A group of mad scientists have been working on a human-to-dolphin translator and ... it might actually work. What sounds like a science fiction fantasy, might actually become a reality as researchers say they had a successful result using their new technology in the wild.

Denise Herzing, the director of the Wild Dolphin Project and creator of the Cetacean Hearing Telemetry device (CHAT), had a very appropriate reaction to hearing a successful dolphin translation: “I was like whoa! We have a match. I was stunned.” 

While dolphins can be trained to understand and respond to human commands, that communication has so far only been one way. But Herzing and her colleagues have been working for years to try to crack the other side of that code.

CHAT uses underwater microphones to capture dolphin noises, such as clicks and whistles, many of which cannot even even be heard by human ears. Rather than try to translate all their sounds, Dr. Herzing taught the dolphins eight "words" that relate to their environment, like "seaweed" and "bow wave ride" (the wave created by a boat, which dolphins can ride). Because dolphins make such a large range of sounds, up to 200 kilohertz, Herzing’s strategy helped to narrow down that range to eight identifiable noises.  

This translation system was designed to work as so: “Divers will play back one of eight "words" coined by the team to mean "seaweed" or "bow wave ride". The software will listen to see if the dolphins mimic them. Once the system can recognise these mimicked words, the idea is to use it to crack a much harder problem: listening to natural dolphin sounds and pulling out salient features that may be the "fundamental units" of dolphin communication.” 

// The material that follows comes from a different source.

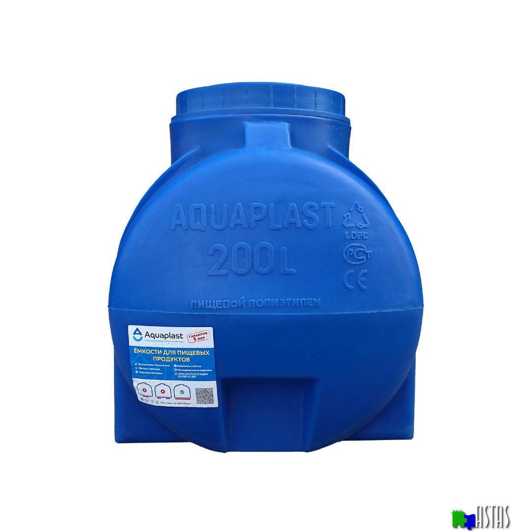 Пластиковая емкость 200 литров (синяя, горизонтальная) предназначена для стационарного хранения питьевой воды, пищевых продуктов, агресивных сред (по согласованию), дизельного топлива. Разрешена эксплуатация при температуре от - 50 °С до +50 °С.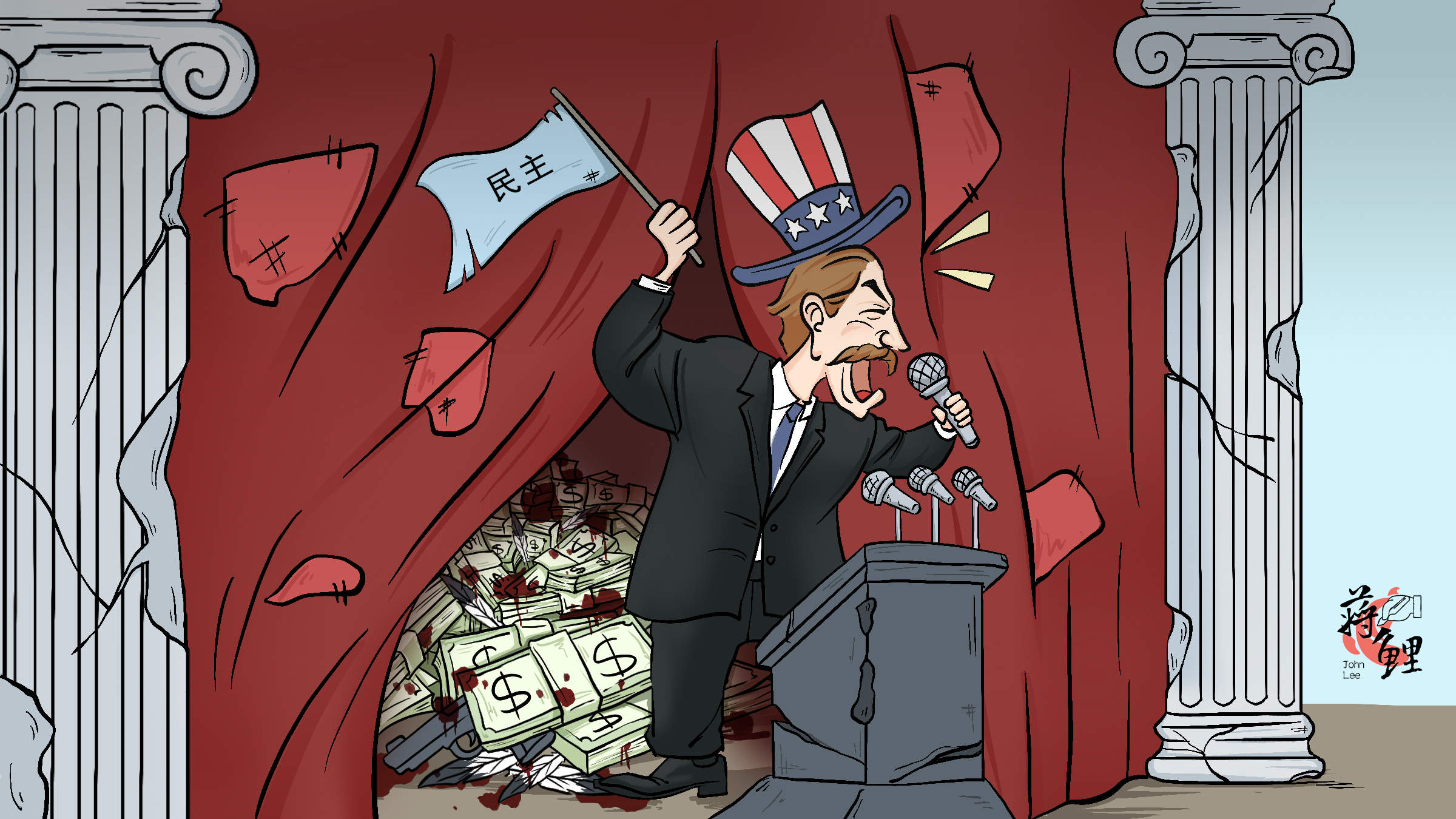 美國高舉“民主”的大旗,卻遮不住其國內種種丑陋的民主劣跡。希望那些跟隨者們也停下腳步,看看它遮羞的幕布后,染血的美元。

The first successfully mimicked sound was "seaweed." A pod that Herzing had studied for the last 25 years made an unusual whistle, associated with a type of seaweed, sargassum. While the sound was only heard once, it is still being cited as a breakthrough in dolphin-to-human communication. 

Recognizing the "word" for seaweed is a start, but it does not guarantee that we will be speaking with the adorable aquatic critters anytime soon.  Herzing admits that “We don’t know if dolphins have words. We could use their signals, if we knew them.” With the first dolphin ‘saying’ seaweed, there is hope for turning this signal into an understanding of the fundamental units of dolphin communication.